The mean ± SD of moss cover was 75 ± 14%, followed by grasses (12 ± 13%), lichens (4.1 ± 7.2%), forbs (2.5 ± 2.9%), and dwarf shrubs (2.4 ± 3.1%) (Table 1). The values for rock, litter and bare soil were 2.8 ± 3.7%, 1.4 ± 2.5% and 0.2 ± 0.8%, respectively. Other bryophytes, especially Polytrichum and Dicranum species were found in most of the 1 m2 quadrats in addition to P. schreberi, as were lichens of the genus Cladonia. The most frequent grass was Deschampsia flexuosa ((L.) Trin) and the most frequent forb Rumex acetosella (L.). Other common species, especially at the most urban sites close to the city centre were Sedum telephium (L.), Rubus idaeus (L.), Epilobium angustifolium (L.) and Sorbus aucuparia (L.), while the dwarf shrubs Vaccinium myrtillus (L.), Vaccinium vitis-idaea (L.) and Calluna vulgaris ((L.) Hull) were found at the more rural forest sites near the sea shore, and in forests farther away from the city centre with higher (but always <30%) tree canopy cover. The cover values presented in Table 1 overestimate the actual abundance of bryophytes. This is because we had to locate the 1 m2 quadrats so that we got a monospecific 100 cm2 P. schreberi sample from each quadrat. However, moss cover also showed a strong negative correlation with grass cover based on the Spearman rank correlation test (rS = −0.699, p < 0.001). Grasses were most abundant in Viikki (site 1, 42.7%), Pihlajamäki (site 26, 45.3%) and Seurasaari (site 31, 44.1%). The first site is characterised by its vicinity to agricultural activities, the second by vehicle exhausts and recreational use, for example by dog walkers, and the third is considered mainly to be affected by N emissions from vehicles and the Salmisaari coal power plant about 1 km south of the site.
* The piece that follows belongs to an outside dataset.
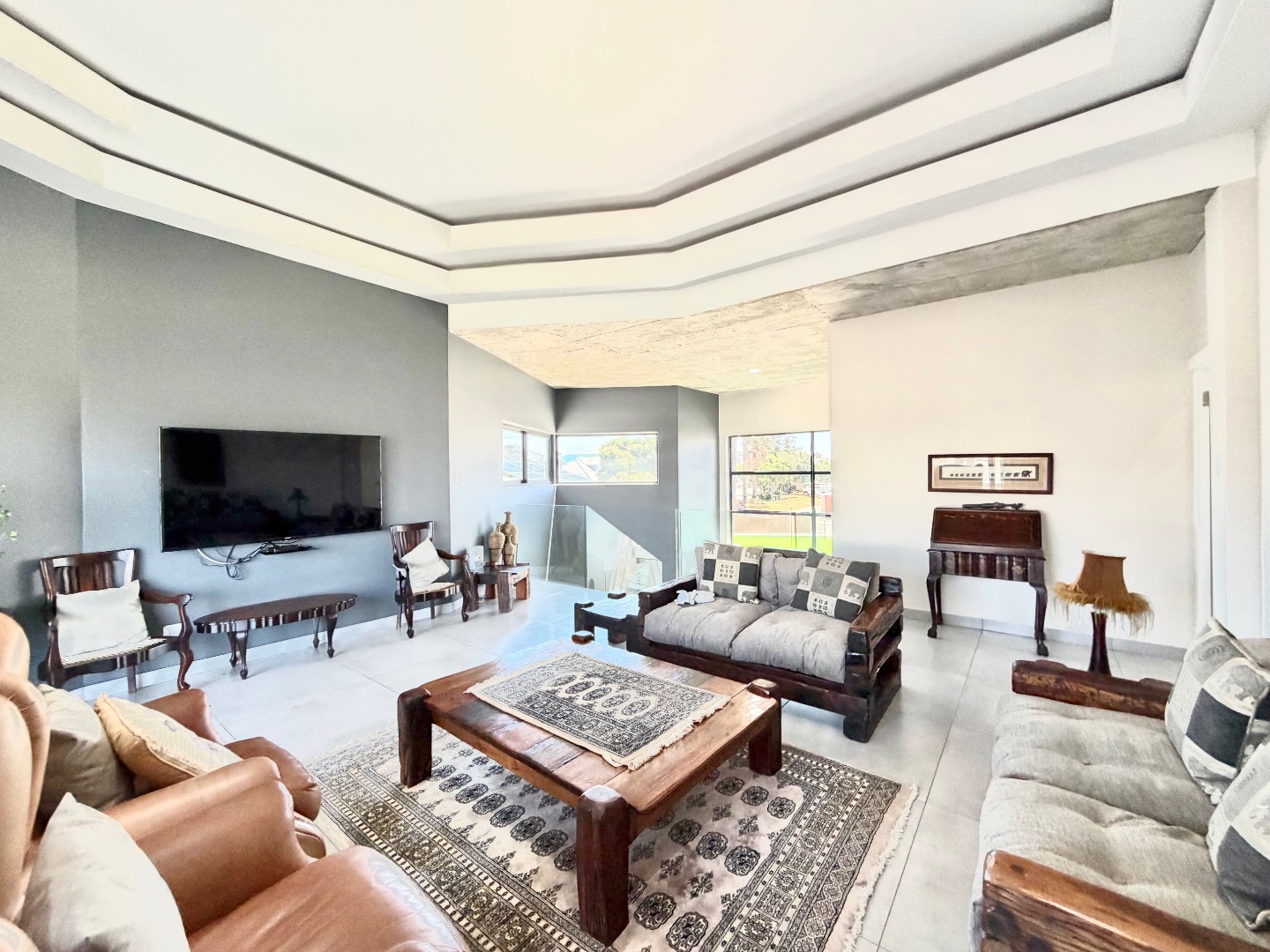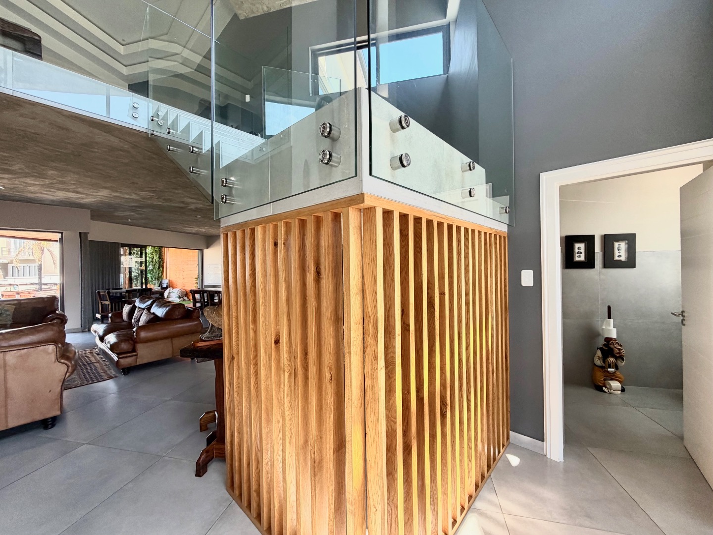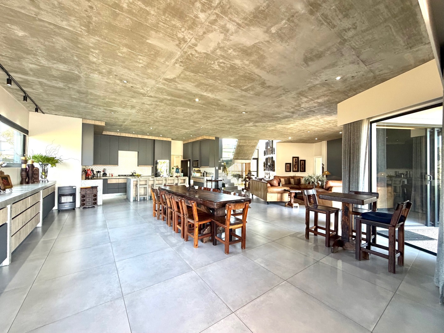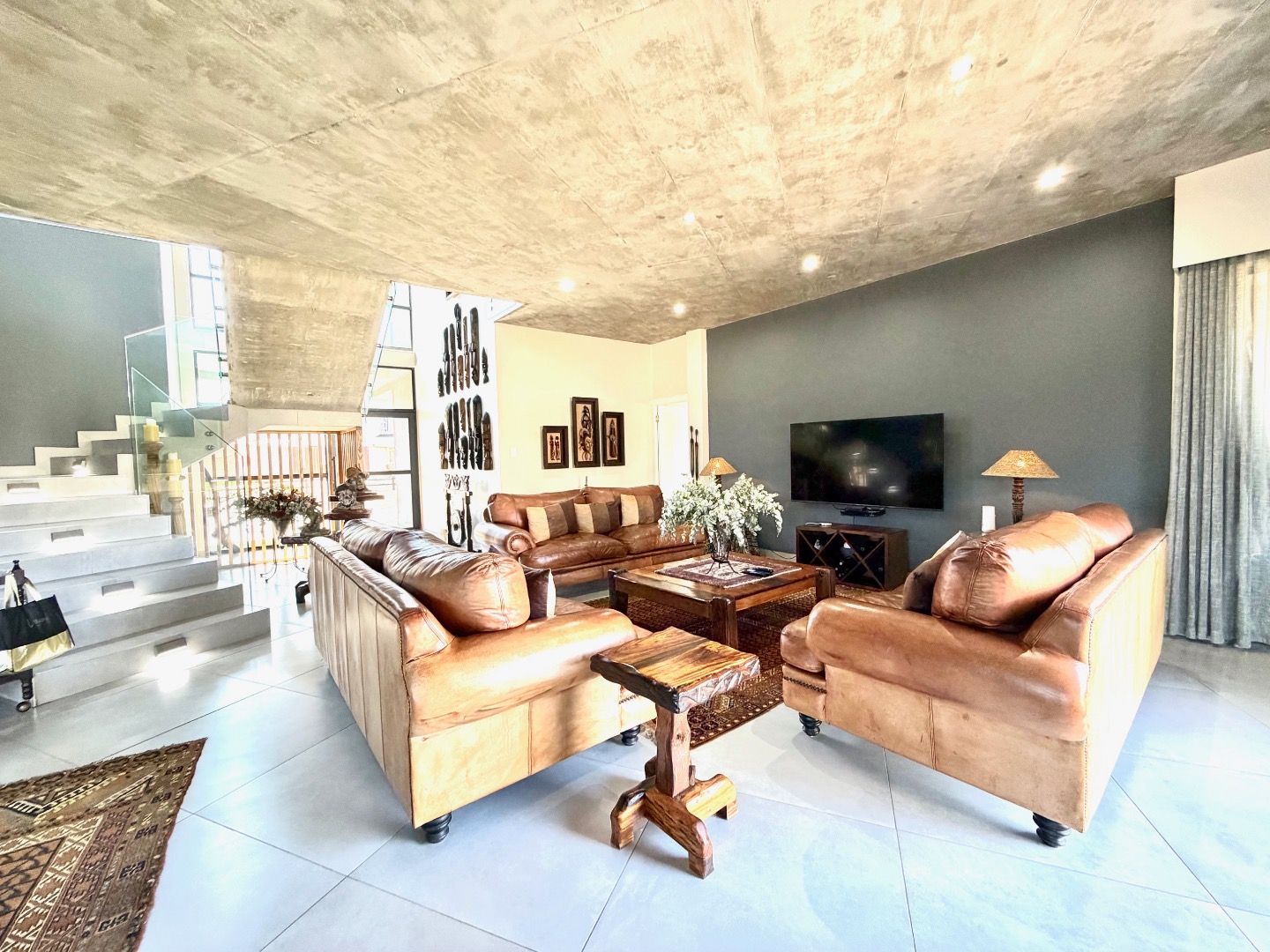 Step inside to discover a spacious 405 sqm interior designed for modern living. The open-plan layout seamlessly connects lounge, a dining room, and kitchens, including a practical pantry. High ceilings, some with an industrial-chic concrete finish, and large windows flood the space with natural light. A striking glass-railed staircase adds a touch of elegance, while durable tiled flooring flows throughout.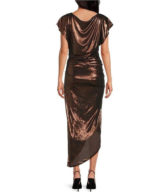 ELAN Boat Neck Cap Sleeve Side Slit Ruched Midi Dress

Two of the three background sites, Luukki (site 15) and Sipoonkorpi (site 16), where among the sites with the lowest grass cover (0.2% and 0.0%, respectively). Lichens appeared as the most sensitive functional group to NOx with reference to negative correlations between lichen cover and NOx concentrations, while forbs were the most tolerant group (rS all p < 0.05). 3.3. Moss shoot biomass and length

Fig. 2. Plot of the first two principal components (PC) from the principal component analysis of modelled annual mean NOx concentrations (NO, NO2 and NOx ), tree canopy cover (canopycover), covers of functional groups (forbs, grasses, lichens, mosses, dwarfshrubs), moss green shoot variables (moss dw, moss length, moss dw to length, moss C, moss N, moss C to N), and soil total N concentration (soil N) in the Helsinki Metropolitan Area.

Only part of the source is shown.